(THE DATA)
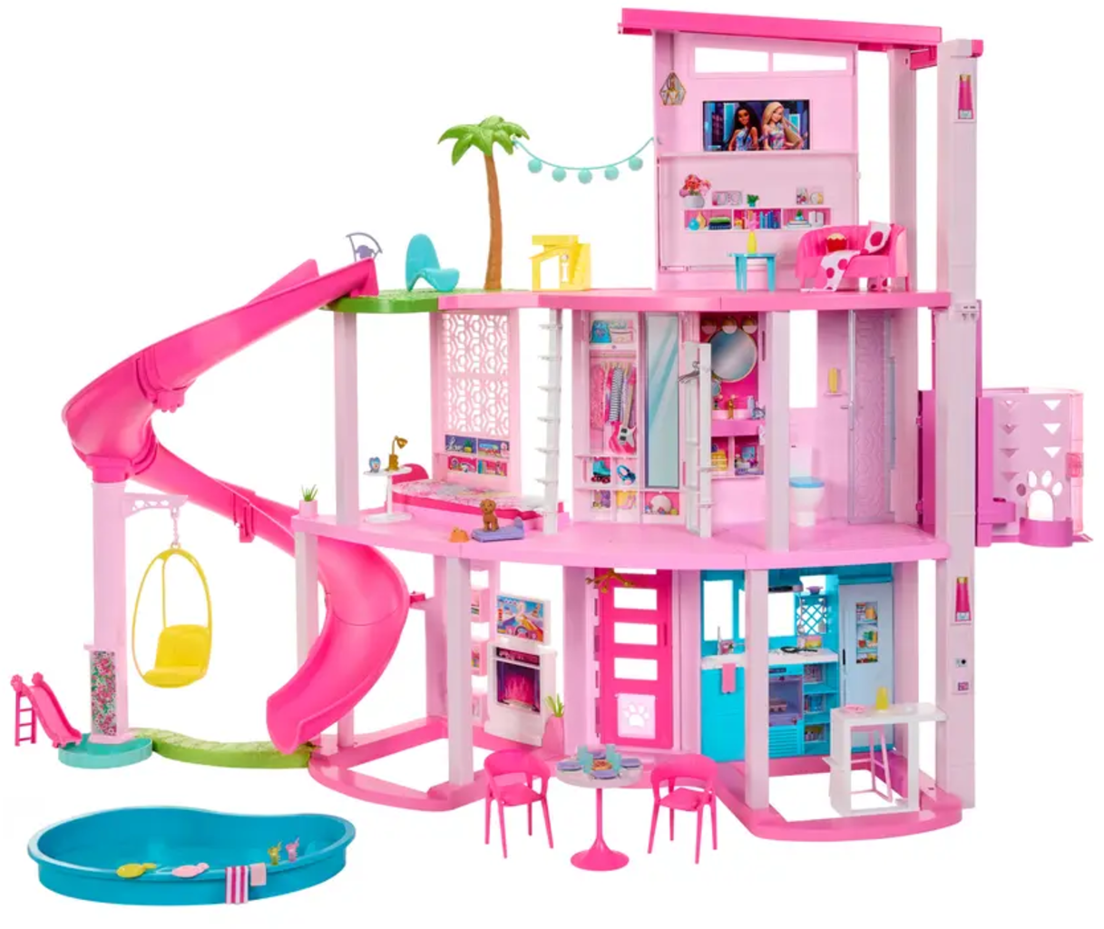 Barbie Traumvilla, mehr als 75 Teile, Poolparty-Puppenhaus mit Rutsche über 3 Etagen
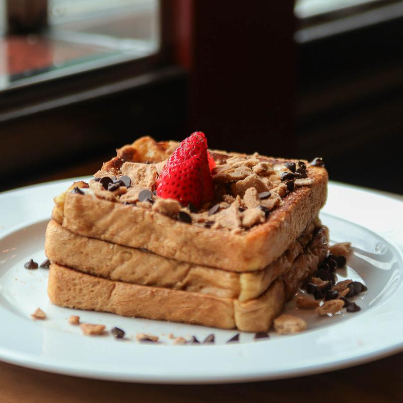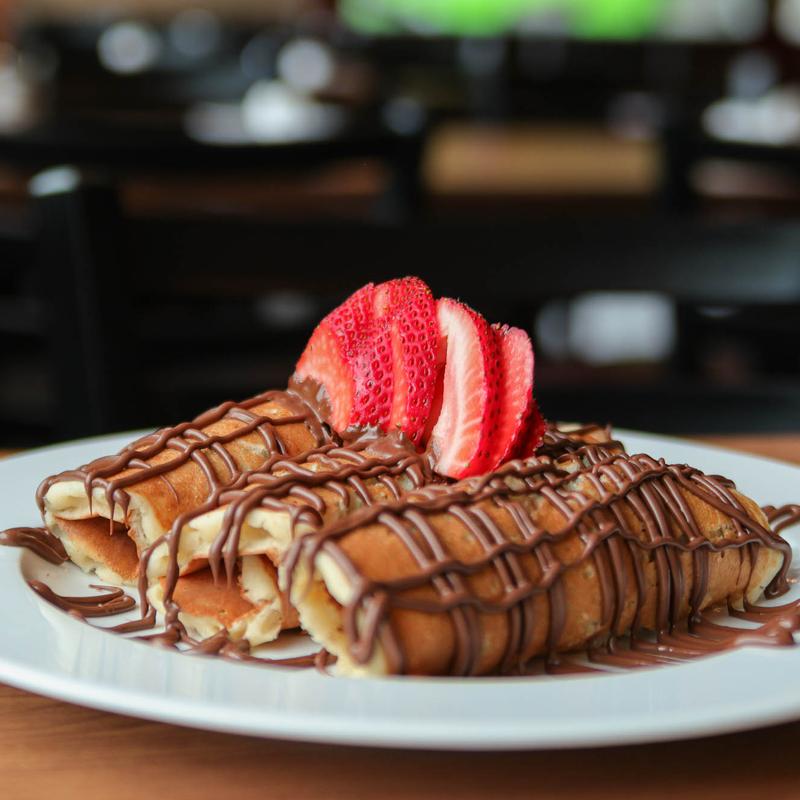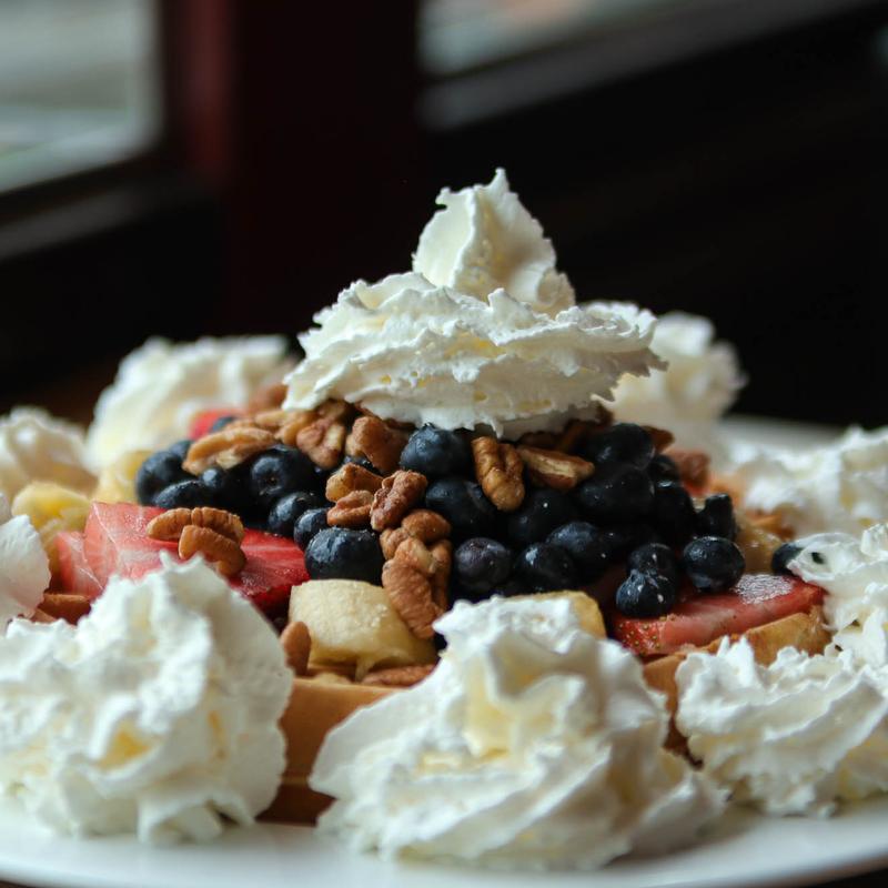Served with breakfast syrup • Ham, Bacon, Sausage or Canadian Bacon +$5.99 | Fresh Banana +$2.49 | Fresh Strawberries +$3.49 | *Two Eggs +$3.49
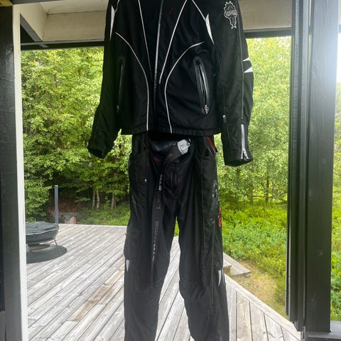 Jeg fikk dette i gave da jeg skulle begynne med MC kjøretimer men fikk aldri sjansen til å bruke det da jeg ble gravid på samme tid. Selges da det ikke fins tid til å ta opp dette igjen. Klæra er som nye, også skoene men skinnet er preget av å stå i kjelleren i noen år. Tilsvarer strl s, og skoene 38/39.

...

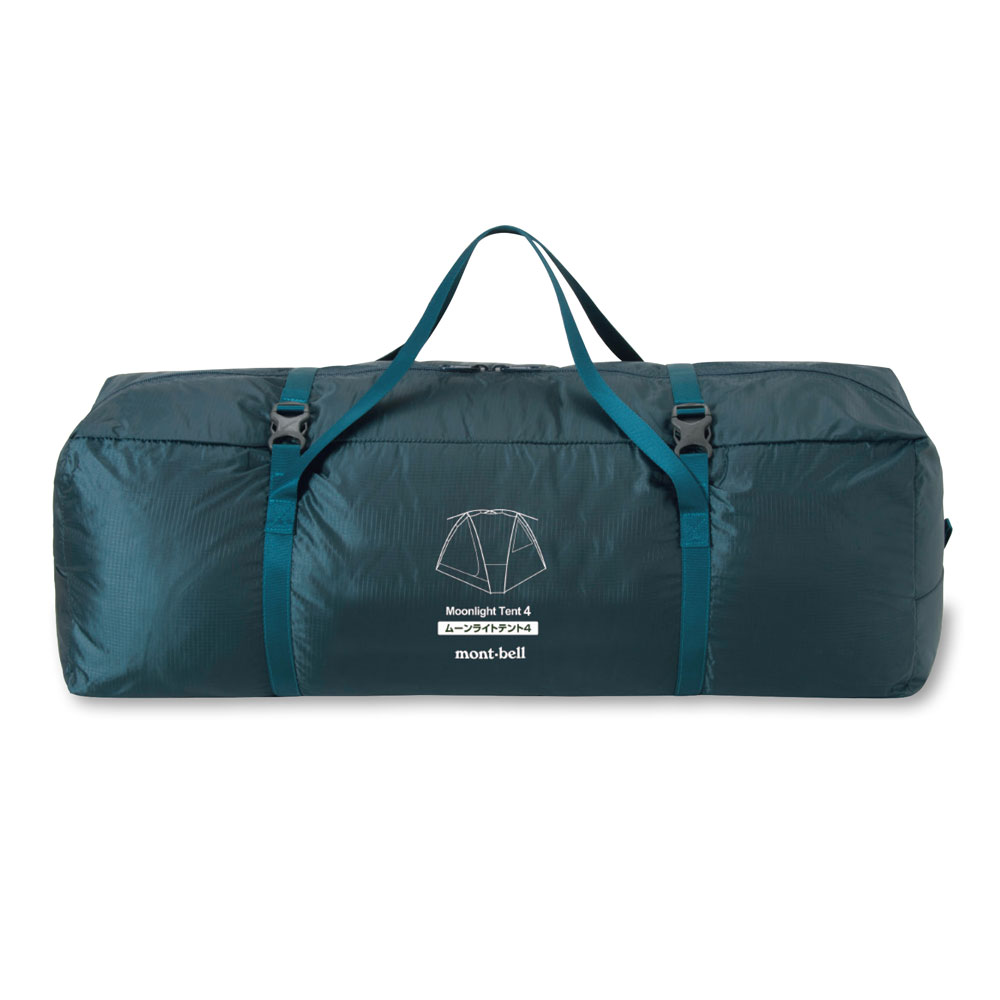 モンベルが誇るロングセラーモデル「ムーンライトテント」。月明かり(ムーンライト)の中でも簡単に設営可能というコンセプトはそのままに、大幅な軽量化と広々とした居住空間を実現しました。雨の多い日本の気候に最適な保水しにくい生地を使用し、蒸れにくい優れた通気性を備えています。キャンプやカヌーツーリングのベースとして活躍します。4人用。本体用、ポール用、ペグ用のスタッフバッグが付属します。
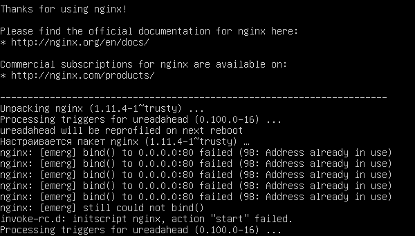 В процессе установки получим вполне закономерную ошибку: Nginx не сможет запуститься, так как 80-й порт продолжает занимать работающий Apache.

---

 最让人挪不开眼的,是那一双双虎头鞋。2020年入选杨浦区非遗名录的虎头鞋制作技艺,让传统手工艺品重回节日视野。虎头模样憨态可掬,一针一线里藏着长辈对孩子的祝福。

(EXERCISE INSTRUCTIONS) Pictures excluded, reproduce only the part above that opens with the line holding "モンベルが誇るロングセラーモ" and closes with the line holding "В процессе установки", exactly as written.

(ANSWER BOX)
 モンベルが誇るロングセラーモデル「ムーンライトテント」。月明かり(ムーンライト)の中でも簡単に設営可能というコンセプトはそのままに、大幅な軽量化と広々とした居住空間を実現しました。雨の多い日本の気候に最適な保水しにくい生地を使用し、蒸れにくい優れた通気性を備えています。キャンプやカヌーツーリングのベースとして活躍します。4人用。本体用、ポール用、ペグ用のスタッフバッグが付属します。
 В процессе установки получим вполне закономерную ошибку: Nginx не сможет запуститься, так как 80-й порт продолжает занимать работающий Apache.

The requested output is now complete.